According to Cloudflare, a major player in internet infrastructure, Perplexity has been sidestepping standard web protocols and sneaking around digital “do not enter” signs.
Cloudflare says it spotted Perplexity gathering data from thousands of websites, even those that had put up virtual fences using tools like robots.txt.
That file acts like a polite “please don’t crawl here” note to bots and search engines.
But Perplexity? According to Cloudflare, they just walked right in anyway.
Why Does This Matter?
If you’ve ever posted an article, a blog, or even just product descriptions on your site, you probably want to control how that content is used.
But some AI models rely on scooping up huge amounts of data to learn how to respond like a human, and not all of them ask nicely first.
What’s more troubling is how Perplexity allegedly covered its tracks.
Cloudflare researchers say the AI company changed its user agent, the bit of code that tells websites what kind of visitor you are, and even used tricks to look like a regular browser.
Think of it like someone knocking on your door wearing a delivery uniform just to sneak in through the back window.
Key Claims From Cloudflare
Cloudflare’s blog post highlighted several things:
- Perplexity allegedly used fake browser identities, including ones that mimicked Google Chrome on macOS
- They disguised which network they were coming from by switching ASNs (like changing license plates on a getaway car)
- They ignored blocks that were clearly set to keep them out
- These activities happened at scale, millions of requests per day across tens of thousands of sites
Cloudflare said it used machine learning and network forensics to track the behaviour and ultimately de-listed Perplexity’s bots from its approved crawlers list.
What Did Perplexity Say?
Jesse Dwyer, a spokesperson for Perplexity, wasn’t having it.
He brushed off the accusations as part of a “sales pitch” by Cloudflare.

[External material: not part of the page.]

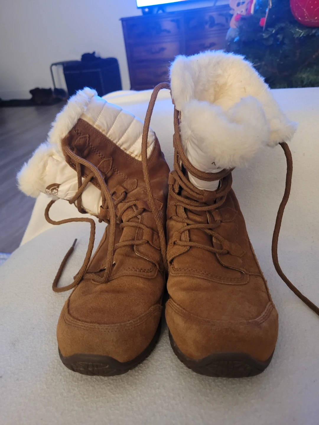 Cozy brown The North Face winter boots! They're perfect for keeping your feet warm and dry during the cold Canadian months. These boots are in great condition and ready for their next adventure.

He also claimed the screenshots shared in the blog post didn’t show any real content being accessed.
Dwyer even said the bot Cloudflare identified didn’t belong to Perplexity.

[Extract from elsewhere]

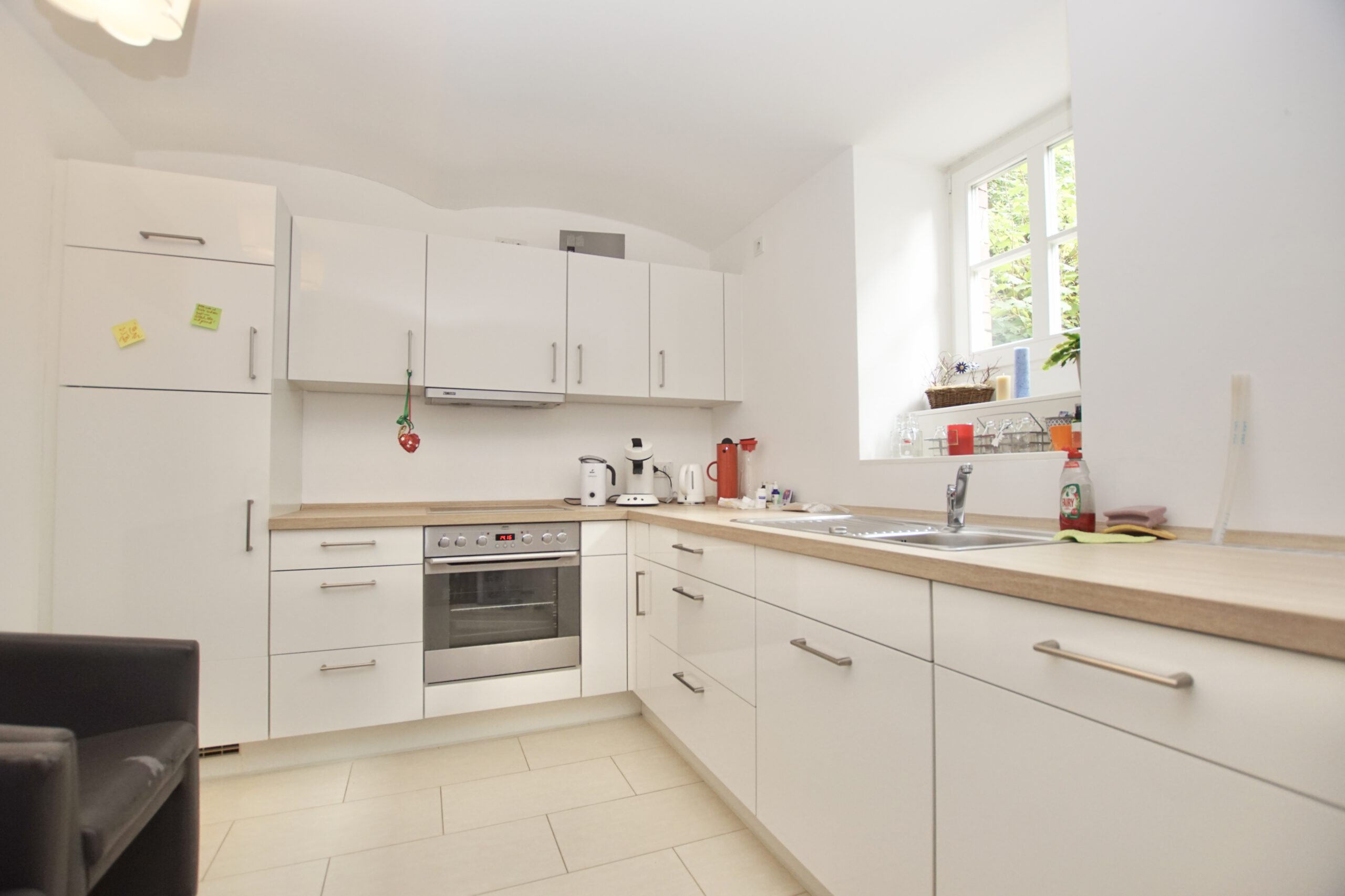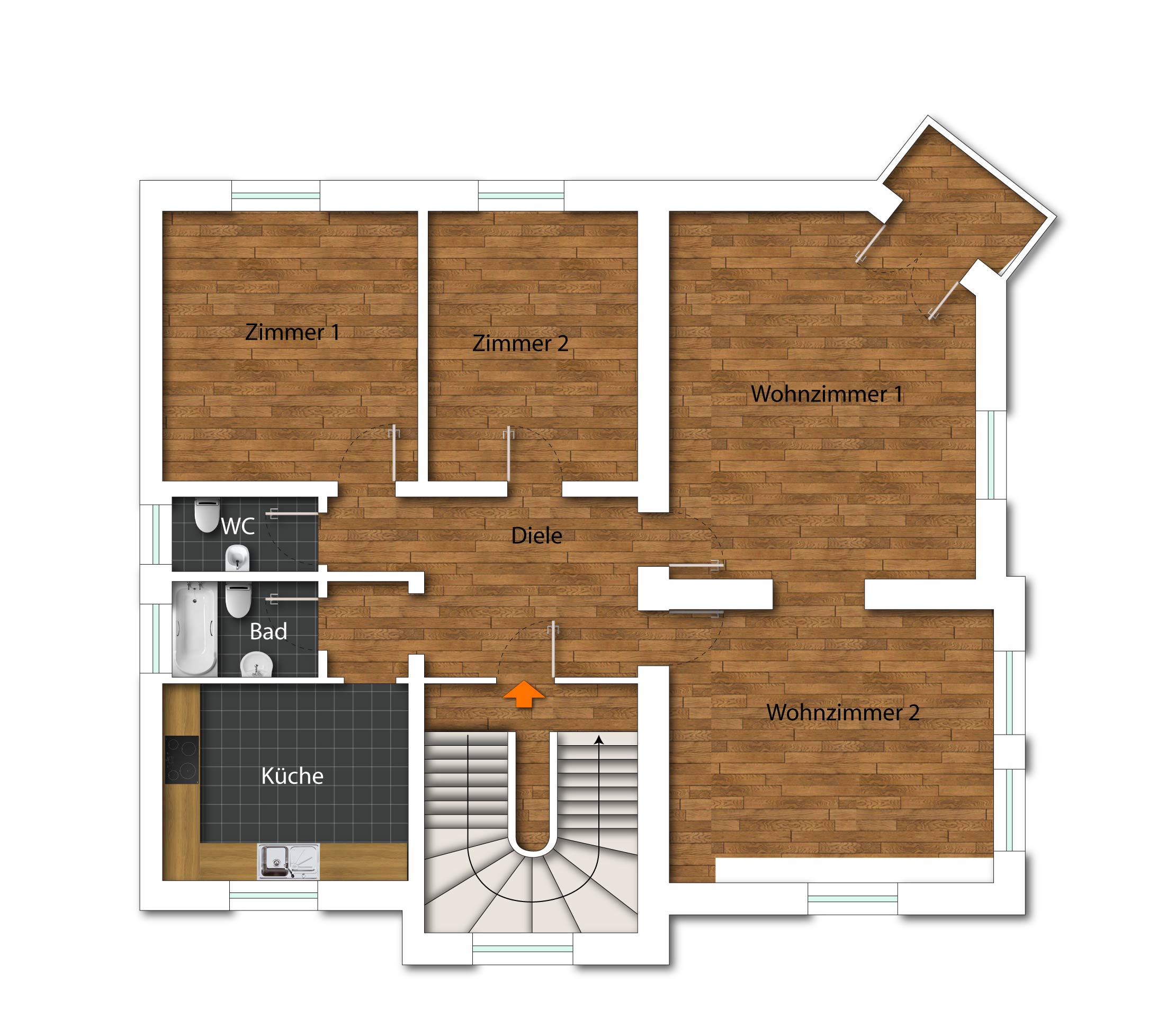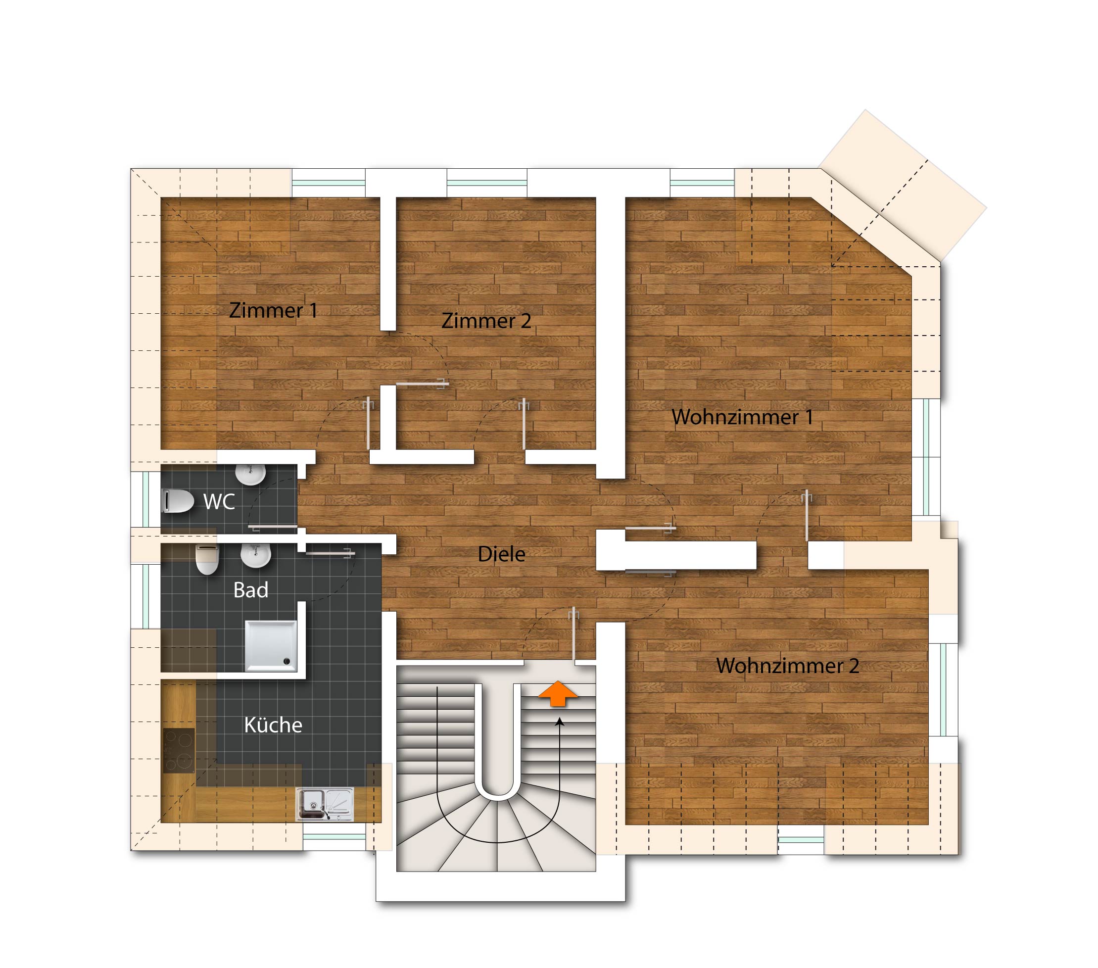 Die Vierzimmerwohnung im 1. Obergeschoss ist ideal für Paare oder Familien mit einem Kind. Besonders schön ist der diagonal gesetzte Erker mit bunten Original-Bleiverglasungen, die man öffnen kann.

However, Cloudflare doubled down, saying it ran its tests and clearly saw Perplexity dodging digital roadblocks.
It wasn’t just customer complaints, it was verifiable patterns, they claimed.
This Isn’t Perplexity’s First Controversy
Last year, Wired and other media outlets accused Perplexity of lifting their content without proper credit.
When asked to define plagiarism, Perplexity’s CEO, Aravind Srinivas, stumbled.
That awkward moment didn’t go unnoticed, and it added fuel to growing concerns about how AI companies use or misuse public content.
Are AI Scrapers a Threat to Publishers?
Cloudflare thinks so.
The company has been vocal about protecting publishers from unwanted scraping. In June, it launched a marketplace where AI companies can be charged for crawling content.
That way, content creators still get paid when their work is used to train AI.
Last year, Cloudflare also rolled out a free tool to block AI bots entirely.
CEO Matthew Prince put it bluntly: AI might be breaking the internet’s business model, especially for news sites and small publishers that rely on traffic and ad revenue.
A Closer Look: robots.txt and What It Does
Here’s the thing: robots.txt isn’t the law. It’s more like a request. Good bots like Google follow it. Bad bots, or bots that don’t care, just ignore it.
Bot Type | Respect Robots.txt? | Example Use |
Googlebot | Yes | Index pages for search |
Bad scraper bots | No | Steals content silently |
Perplexity bot? | Questionable | Cloudflare says no |
This loophole is what many website owners are trying to fix. But until there’s a legal requirement, it’s an honor system, and some players are clearly not playing fair.
Final Thoughts
Cloudflare is cracking down. Perplexity says it’s innocent. Meanwhile, the internet watches closely.
For everyday users and creators, the big question is: Who controls your content in the age of AI?
While AI tools are exciting and often helpful, the rules around data use, scraping, and credit are still fuzzy, and that gray area is getting messier by the day.
If you’re a business owner, publisher, or blogger, stay alert. Use tools to protect your content. Keep tabs on who’s crawling your site. And when in doubt, speak up.
For everyone else, this is a reminder that the shiny new world of AI comes with trade-offs. The tech is powerful. But so is the responsibility.